[WORK TO COMPLETE]:
Drop all images and give the records again exactly.

[RECORDS FOR THIS EXERCISE]:

☆ ☆ ☆ ☆ ☆ ☆ ☆

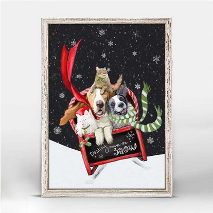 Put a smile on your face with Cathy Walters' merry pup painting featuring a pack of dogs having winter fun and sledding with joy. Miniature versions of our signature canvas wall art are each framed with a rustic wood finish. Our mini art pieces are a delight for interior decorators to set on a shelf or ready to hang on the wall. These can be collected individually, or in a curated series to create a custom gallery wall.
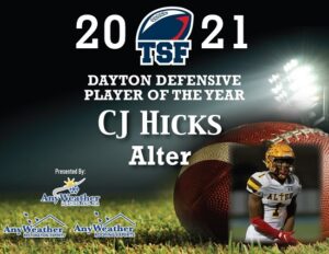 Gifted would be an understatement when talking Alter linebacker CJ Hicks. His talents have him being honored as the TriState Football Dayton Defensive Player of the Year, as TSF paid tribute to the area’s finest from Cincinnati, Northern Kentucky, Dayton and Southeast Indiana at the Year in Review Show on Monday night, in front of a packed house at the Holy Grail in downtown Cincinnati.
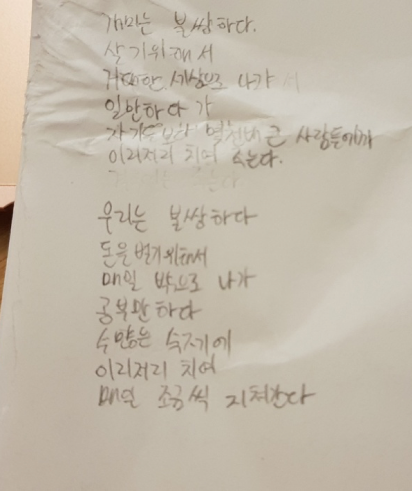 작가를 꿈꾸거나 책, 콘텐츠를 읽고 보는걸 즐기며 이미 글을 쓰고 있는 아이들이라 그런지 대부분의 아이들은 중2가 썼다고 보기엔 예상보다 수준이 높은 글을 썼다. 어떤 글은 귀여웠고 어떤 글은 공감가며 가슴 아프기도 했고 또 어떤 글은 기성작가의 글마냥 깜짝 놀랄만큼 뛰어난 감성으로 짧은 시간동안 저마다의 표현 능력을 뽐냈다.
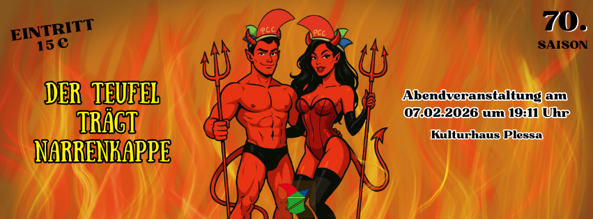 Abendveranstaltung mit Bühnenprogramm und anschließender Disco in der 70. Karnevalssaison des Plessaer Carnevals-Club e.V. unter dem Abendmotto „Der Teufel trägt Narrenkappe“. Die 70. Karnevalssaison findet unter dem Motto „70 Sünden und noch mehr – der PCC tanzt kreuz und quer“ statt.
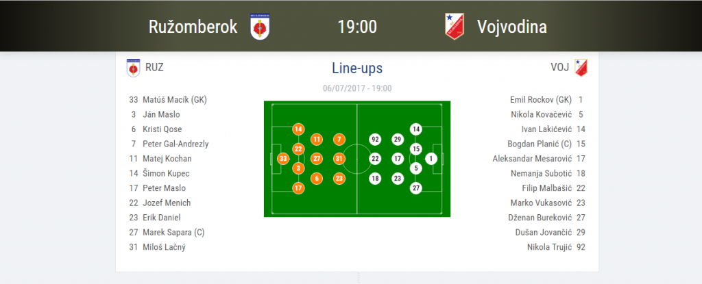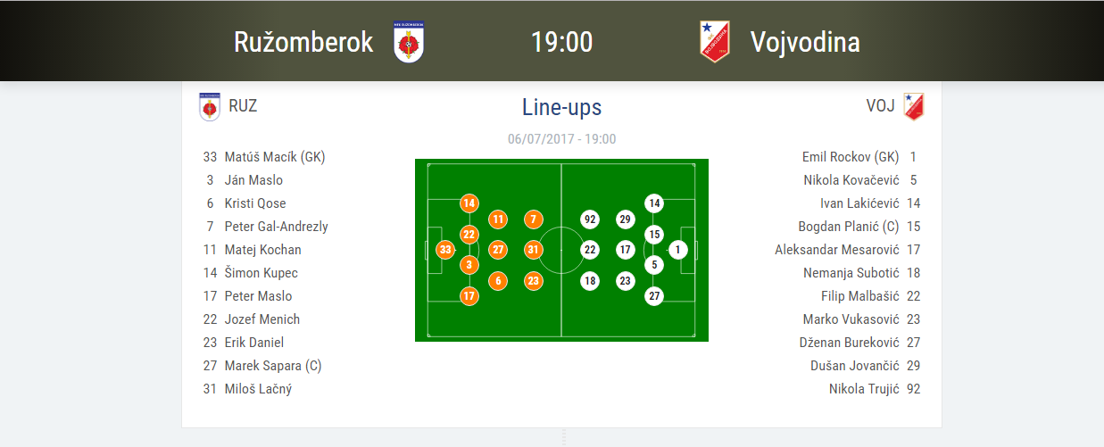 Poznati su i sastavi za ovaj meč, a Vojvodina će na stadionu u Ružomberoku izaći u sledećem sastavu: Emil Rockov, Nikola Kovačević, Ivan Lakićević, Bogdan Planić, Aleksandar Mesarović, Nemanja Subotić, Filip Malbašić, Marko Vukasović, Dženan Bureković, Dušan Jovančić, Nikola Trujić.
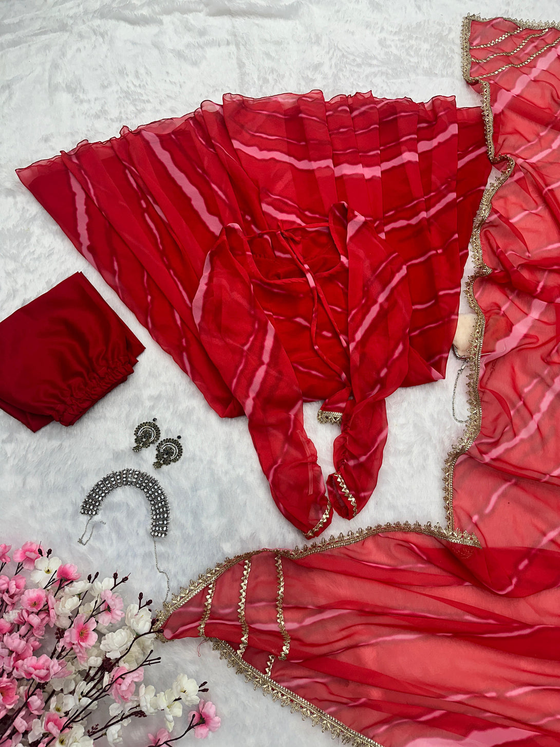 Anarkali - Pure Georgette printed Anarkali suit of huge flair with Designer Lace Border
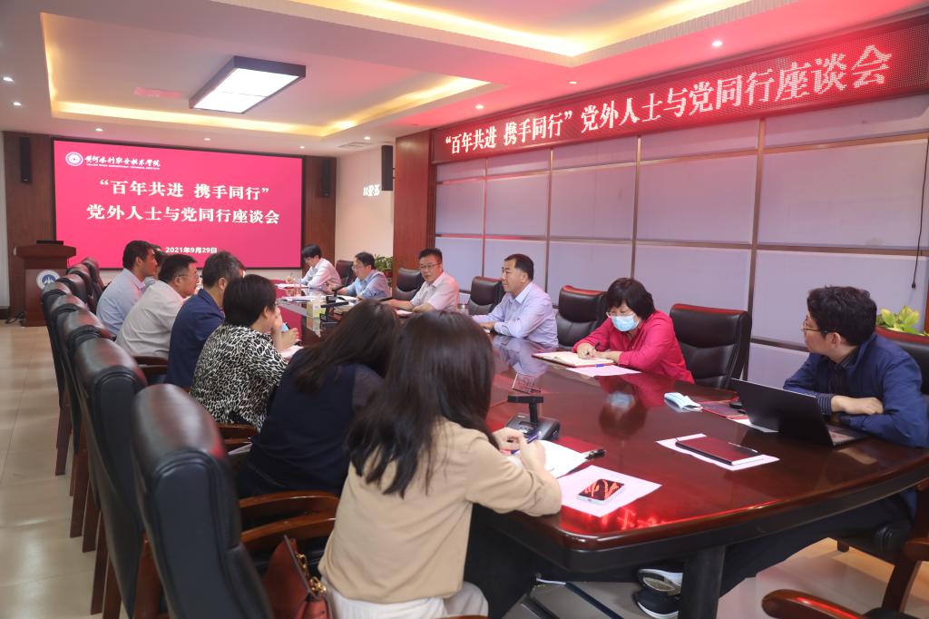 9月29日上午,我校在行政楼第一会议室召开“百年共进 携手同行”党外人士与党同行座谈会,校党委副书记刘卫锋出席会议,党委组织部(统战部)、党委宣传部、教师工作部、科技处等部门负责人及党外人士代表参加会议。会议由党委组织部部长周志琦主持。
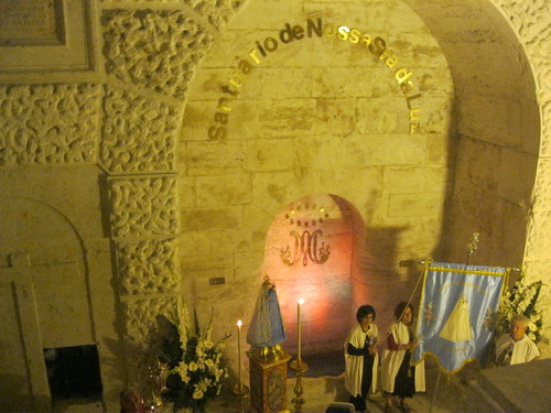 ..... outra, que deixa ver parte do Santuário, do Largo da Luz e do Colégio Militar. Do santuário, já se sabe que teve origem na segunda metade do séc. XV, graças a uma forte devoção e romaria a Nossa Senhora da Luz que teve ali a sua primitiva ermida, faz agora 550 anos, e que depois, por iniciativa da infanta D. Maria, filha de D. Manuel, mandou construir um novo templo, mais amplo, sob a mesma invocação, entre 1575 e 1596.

☆ ☆ ☆ ☆ ☆ ☆ ☆

[TASK RESPONSE]:
 Put a smile on your face with Cathy Walters' merry pup painting featuring a pack of dogs having winter fun and sledding with joy. Miniature versions of our signature canvas wall art are each framed with a rustic wood finish. Our mini art pieces are a delight for interior decorators to set on a shelf or ready to hang on the wall. These can be collected individually, or in a curated series to create a custom gallery wall.
 Gifted would be an understatement when talking Alter linebacker CJ Hicks. His talents have him being honored as the TriState Football Dayton Defensive Player of the Year, as TSF paid tribute to the area’s finest from Cincinnati, Northern Kentucky, Dayton and Southeast Indiana at the Year in Review Show on Monday night, in front of a packed house at the Holy Grail in downtown Cincinnati.
 작가를 꿈꾸거나 책, 콘텐츠를 읽고 보는걸 즐기며 이미 글을 쓰고 있는 아이들이라 그런지 대부분의 아이들은 중2가 썼다고 보기엔 예상보다 수준이 높은 글을 썼다. 어떤 글은 귀여웠고 어떤 글은 공감가며 가슴 아프기도 했고 또 어떤 글은 기성작가의 글마냥 깜짝 놀랄만큼 뛰어난 감성으로 짧은 시간동안 저마다의 표현 능력을 뽐냈다.
 Abendveranstaltung mit Bühnenprogramm und anschließender Disco in der 70. Karnevalssaison des Plessaer Carnevals-Club e.V. unter dem Abendmotto „Der Teufel trägt Narrenkappe“. Die 70. Karnevalssaison findet unter dem Motto „70 Sünden und noch mehr – der PCC tanzt kreuz und quer“ statt.
 Poznati su i sastavi za ovaj meč, a Vojvodina će na stadionu u Ružomberoku izaći u sledećem sastavu: Emil Rockov, Nikola Kovačević, Ivan Lakićević, Bogdan Planić, Aleksandar Mesarović, Nemanja Subotić, Filip Malbašić, Marko Vukasović, Dženan Bureković, Dušan Jovančić, Nikola Trujić.
 Anarkali - Pure Georgette printed Anarkali suit of huge flair with Designer Lace Border
 9月29日上午,我校在行政楼第一会议室召开“百年共进 携手同行”党外人士与党同行座谈会,校党委副书记刘卫锋出席会议,党委组织部(统战部)、党委宣传部、教师工作部、科技处等部门负责人及党外人士代表参加会议。会议由党委组织部部长周志琦主持。
 ..... outra, que deixa ver parte do Santuário, do Largo da Luz e do Colégio Militar. Do santuário, já se sabe que teve origem na segunda metade do séc. XV, graças a uma forte devoção e romaria a Nossa Senhora da Luz que teve ali a sua primitiva ermida, faz agora 550 anos, e que depois, por iniciativa da infanta D. Maria, filha de D. Manuel, mandou construir um novo templo, mais amplo, sob a mesma invocação, entre 1575 e 1596.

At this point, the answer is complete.